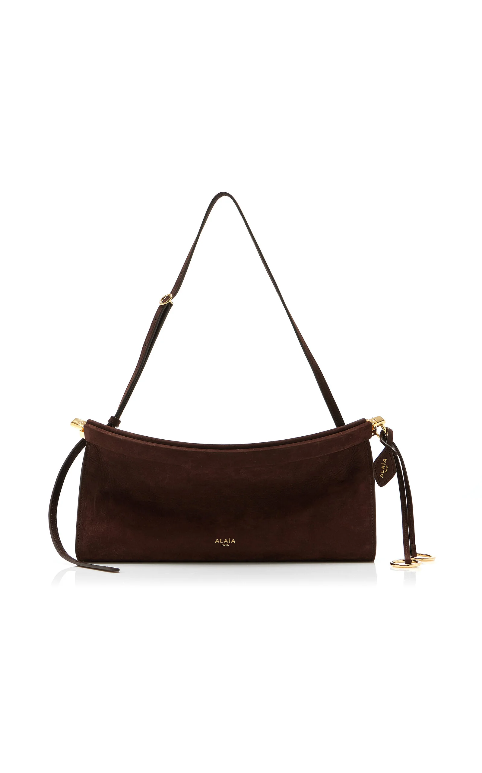 Founded by Azzedine Alaia, today the maison, under the direction of Pieter Mulier, continues the revered couturier's uncompromising vision which champions masterful cuts that accentuate the female form. The house is perhaps best known for its statement bags, edgy footwear, and laser-cut accessories. 'Le Click' has a curved East/West silhouette designed to hug the body. It features a signature folded detail at the bottom and decorative ties with metallic rings. Carry it at the shoulder or crossbody thanks to the adjustable strap. PRODUCT DETAILS - Hinge fastening - Composition: nubuck calfskin leather - Made in Italy SIZE & FIT - This item measures 30 x 14 x 9cm
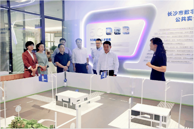在长沙市数字技能人才公共实训基地校长赖施颖、华为技术有限公司企业培训认证部南区总监李丹的陪同下,何锦龙一行实地考察了长沙市数字技能人才公共实训基地的展厅、实训室及教学场地等。
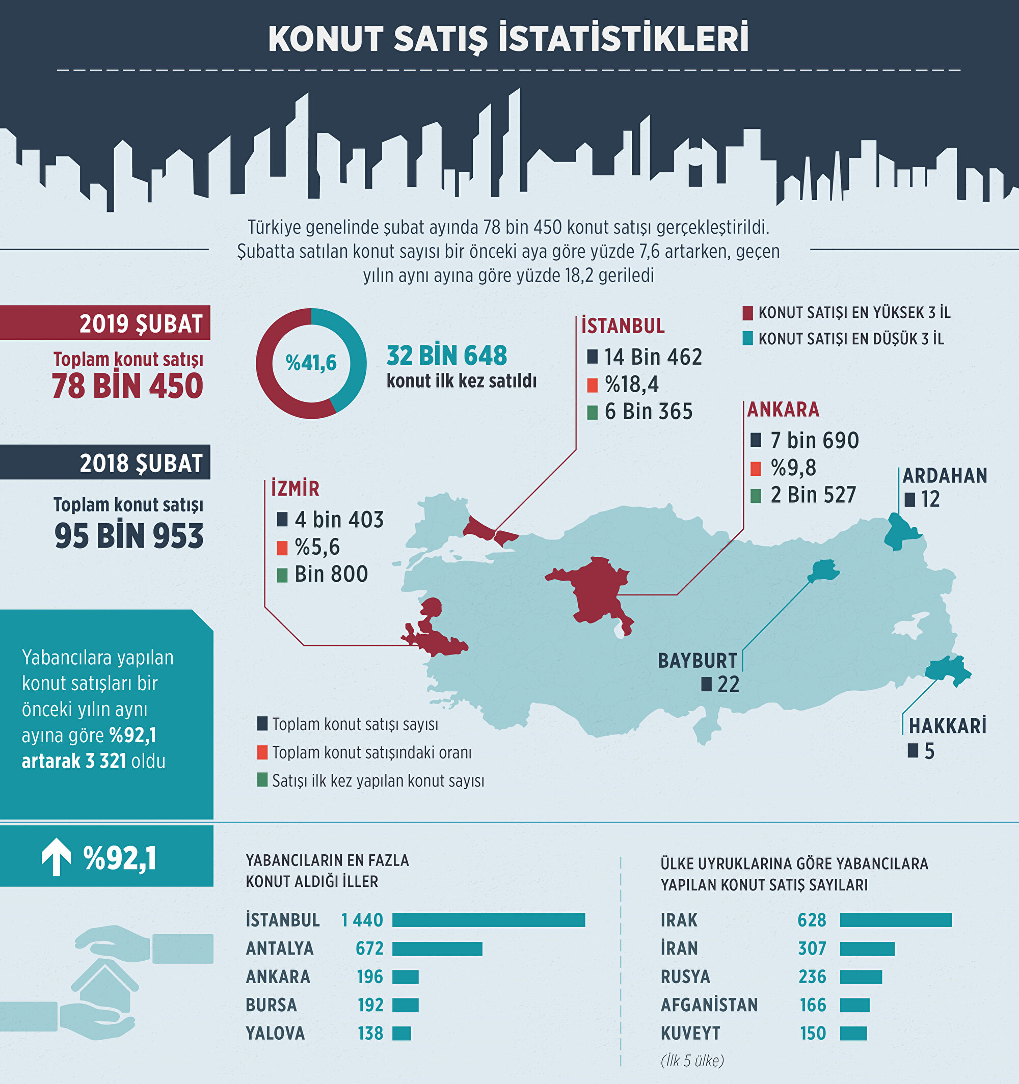 Yabancılara yapılan konut satışları bir önceki yılın aynı ayına göre yüzde 92,1 artarak 3 bin 321 oldu. Yabancılara yapılan konut satışlarında, Şubat 2019’da ilk sırayı bin 440 konut satışı ile İstanbul aldı. İstanbul ilini sırasıyla 672 konut satışı ile Antalya, 196 konut satışı ile Ankara, 192 konut satışı ile Bursa ve 138 konut satışı ile Yalova izledi.

==============================

- _What to produce_
Your task is to reproduce all of the material exactly. The pictures stay out.

- _Response_
 Founded by Azzedine Alaia, today the maison, under the direction of Pieter Mulier, continues the revered couturier's uncompromising vision which champions masterful cuts that accentuate the female form. The house is perhaps best known for its statement bags, edgy footwear, and laser-cut accessories. 'Le Click' has a curved East/West silhouette designed to hug the body. It features a signature folded detail at the bottom and decorative ties with metallic rings. Carry it at the shoulder or crossbody thanks to the adjustable strap. PRODUCT DETAILS - Hinge fastening - Composition: nubuck calfskin leather - Made in Italy SIZE & FIT - This item measures 30 x 14 x 9cm
在长沙市数字技能人才公共实训基地校长赖施颖、华为技术有限公司企业培训认证部南区总监李丹的陪同下,何锦龙一行实地考察了长沙市数字技能人才公共实训基地的展厅、实训室及教学场地等。
 Yabancılara yapılan konut satışları bir önceki yılın aynı ayına göre yüzde 92,1 artarak 3 bin 321 oldu. Yabancılara yapılan konut satışlarında, Şubat 2019’da ilk sırayı bin 440 konut satışı ile İstanbul aldı. İstanbul ilini sırasıyla 672 konut satışı ile Antalya, 196 konut satışı ile Ankara, 192 konut satışı ile Bursa ve 138 konut satışı ile Yalova izledi.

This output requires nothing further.